JUSTICE PORTFOLIO COMMITTEE
8 November 2006
CRIMINAL LAW (SEXUAL OFFENCES) AMENDMENT BILL [B50- 2003]: DELIBERATIONS

Chairperson:
Ms F Chohan (ANC)

Documents handed out:
Criminal Law (Sexual Offences) Bill [B50-2003]
Criminal Law (Sexual Offences & Related Matters) Amendment Bill as of 7 November 2006
Draft of Chapter 6: National Register for Sex Offenders

SUMMARY
The Chairperson indicated that there was a possibility that Parliament would re-tag the Bill. The legal opinion relating to the tagging was, in the opinion of the Chairperson, flawed in several respects and the legal advisors from the Department of Justice were discussing it. The resolution of the Committee would be amended to place greater emphasis on the procedure followed and the reasons why the Committee did not believe a re-tagging was necessary.

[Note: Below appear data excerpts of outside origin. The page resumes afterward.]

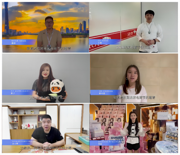 會上,來自淘寶直播、京東、快手、得物等互聯(lián)網(wǎng)電商平臺代表以及來自遙望科技、嘉星集團(tuán)的MCN機(jī)構(gòu)代表通過視頻為2024未來電商節(jié)送上了祝福寄語。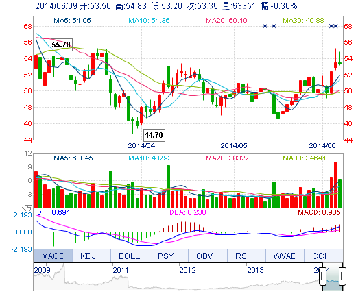 今開: 53.50 成交量: 6.34萬手 振幅: 3.05% 最高: 54.83 成交額: 3.42億元 換手率: 2.20% 最低: 53.20 總市值: 158.65億 市凈率: 9.55 昨收: 53.46 流通市值...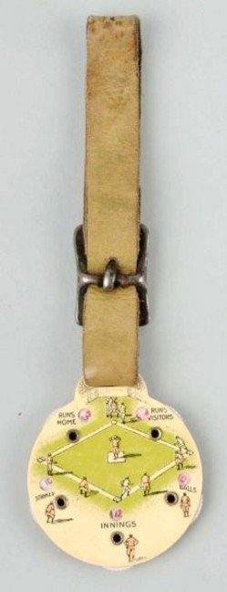 A celluloid baseball scorekeeper, rare, depicts a baseball diamond on one side and Babe Ruth wearing a Boston Red Sox hat on the other. p4... [more detail available via subscription]

The Committee continued to consider the changes to the draft of the Criminal Law (Sexual Offences and related matters) Amendment Bill. The representatives of the South African Law Reform Commission took the Members through each of the clauses of the redrafted Chapter 6, pointing out and explaining the changes. There were no major changes of principle, other than the fact that the Register would also include the details of those convicted of sexual offences involving persons who were mentally disabled as well as minors. Stylistic and grammatical changes had been made. A time restriction had been inserted for the validity of certificates. The Committee agreed to most of the changes that had been made. It was resolved, however, that Clauses 44(d) to (g) would retain the words “in respect of his or her own particulars”, and that the wording of the new 50(4) would be slightly changed to reflect that the prosecuting authority or any other person must, immediately or at any other time, bring an omission in making an order under 50(2) to the Court’s attention.

The Committee would be taking a vote on the Bill on Friday 10 November and the Bill would be debated in the National Assembly on Tuesday 14 November.

MINUTES
Procedural issues: Tagging of the Bill

The Chairperson said that Parliament had indicated that it might wish to re-tag the Bill. The opinion in support of re-tagging forwarded by the Speaker had, in her view, many flaws. Firstly, the State Law Advisors had ignored the fact that the Bill had been revived from its original introduction in 2003, and that when it came before the Committee in May 2006, it already contained the amendments that the Committee had suggested before. The Committee, despite the fact that the public hearings had closed in 2003, still allowed more submissions, which were summarised as at the end of August. The Committee even tabled and considered further submissions received after that date. Some non-government organisations (NGOs) had indicated that they were unhappy with certain points and had complained to the Speaker that the Bill reintroduced in May was in a different form from the one introduced in 2003. This was correct, but ignored the fact that the Bill was revised through a resolution of the House. A number of Bills had been revised in this way. Mr Lawrence Bassett from the Department of Justice would be speaking to the Speaker and advisors on their interpretation.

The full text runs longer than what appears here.